# Development of a Sensorless PMSM ACIM FOC controller based on InstaSPIN**



## jlcortex (Nov 29, 2012)

Hi all,
I am working working on a 600V/600A sensorless inverter than can work on ACIM, PMSM and BLDC using FOC sensorless with a firmware called InstaSPIN (Texas Instriuments)

I like InstaSPIN because we have been testing some other FOC algorithms*and InstaSPIN give better results, Especially with very high currents close to motor saturation. That's means we get more torque for the same motor with InstaSPIN.

About the project: For the power stage, it is based on Infineon FF600R06ME3 modules with SCALE2 drivers. About control I am using a development board from TI: LAUNCHXL-F280049C, It can use any InstaSPIN Launchpad of TI but this board runs a new version of InstaSPIN, This is the version than TI is developing*and supporting right now.

I already have almost all the materials, Infineon IGBTs, SCALE2 drives, the PCB...., so it is time to start mounting, I hope that soon I will have real photos of the inverter


----------



## kennybobby (Aug 10, 2012)

Looks really nice and compact. Do you have pre- and discharge circuits for the capacitors?


----------



## jlcortex (Nov 29, 2012)

kennybobby said:


> Do you have pre- and discharge circuits for the capacitors?


I write it in my TODO list for next version. it have control for main contactor and pre-charge relay in the control connector, It needs a constant discharge ceramic resistors on the DC link capacitors.


----------



## coleasterling (Feb 29, 2012)

jlcortex said:


> I write it in my TODO list for next version. it have control for main contactor and pre-charge relay in the control connector, It needs a constant discharge ceramic resistors on the DC link capacitors.

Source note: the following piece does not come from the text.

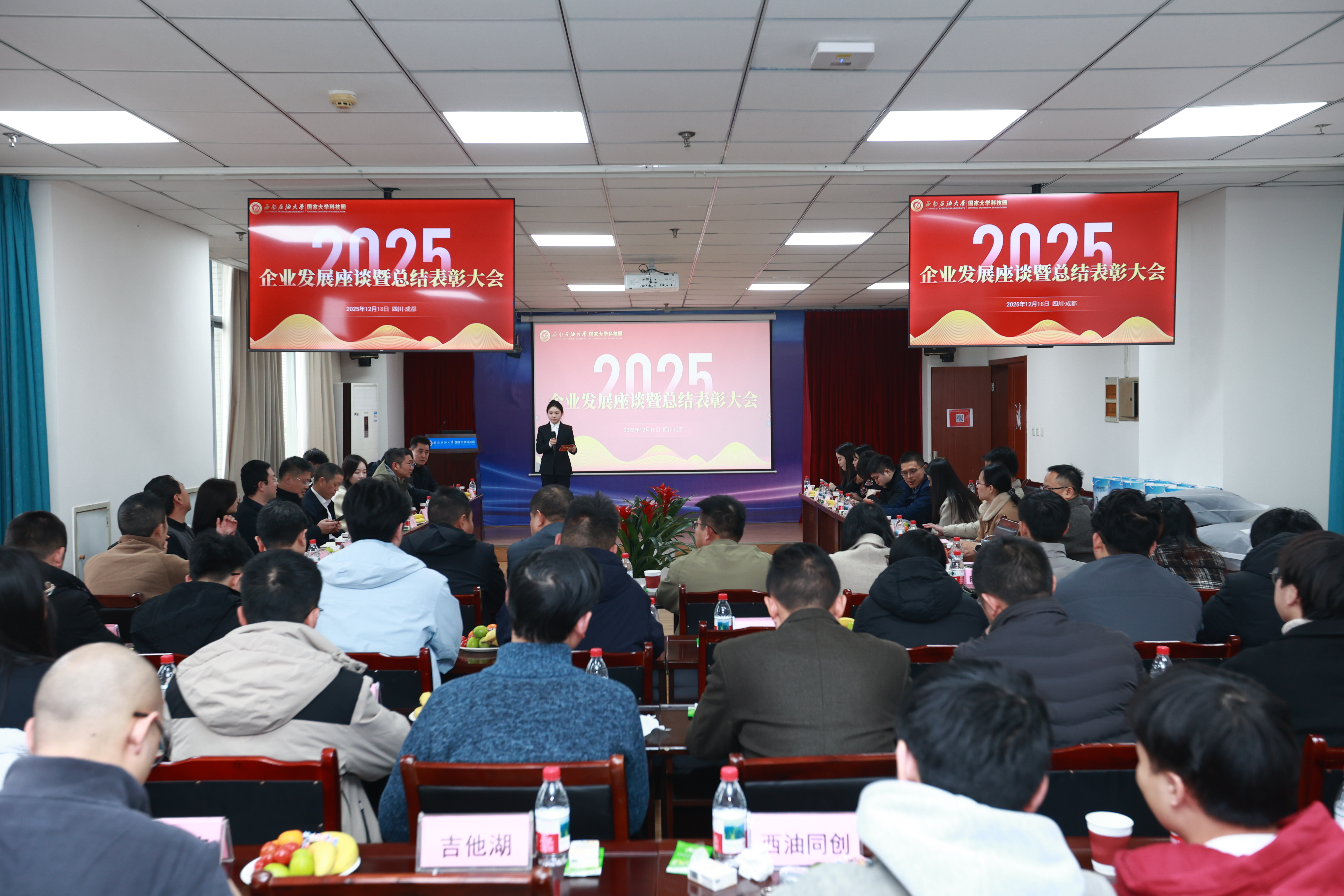 12月18日下午,西南石油大学国家大学科技园企业发展座谈暨2025年度总结表彰大会在科技园大厦502会议室隆重举行,旨在总结2025年科技园发展成效,表彰优秀企业,凝聚发展共识。科技园管理办公室主任李勇明、富润教科党委委员、副总经理、工会主席李灿,资产公司党委书记姚富云,富润教科党委委员、副总经理肖仙雄、资产公司负责人肖生超、新都区新经济和科技局副局长卓佳,新都街道办事处副主任彭艳霞、科技园公司总经理关小旭,区人社局、学校党政办公室、国资处、工商银行及园区50余家企业代表出席会议。

Is the constant discharge resistor to drain the caps when there's no power at the terminals? Safety feature?


----------



## jlcortex (Nov 29, 2012)

yes
https://en.wikipedia.org/wiki/Bleeder_resistor

A link to calculate this resistors
https://www.digikey.com/en/resource...version-calculator-capacitor-safety-discharge

It is not relevant lost of energy, it seems it is calculated for 5 minutes or so


----------



## remy_martian (Feb 4, 2019)

What are those red things on the side of the cold plate,

and what's the size of the cold plate?


----------



## misomosi (Nov 21, 2018)

Hi Cortex: Any progress on your inverter? I just ordered a LAUNCHXL-F280049C and BOOSTXL-DRV8320RS, and after fiddling with that plan to adapt the F280049C to
a beefy power stage from some Makani motor controllers (Wolfspeed/Cree 1700V SiC).
Have you tried running large motors sensorless?


----------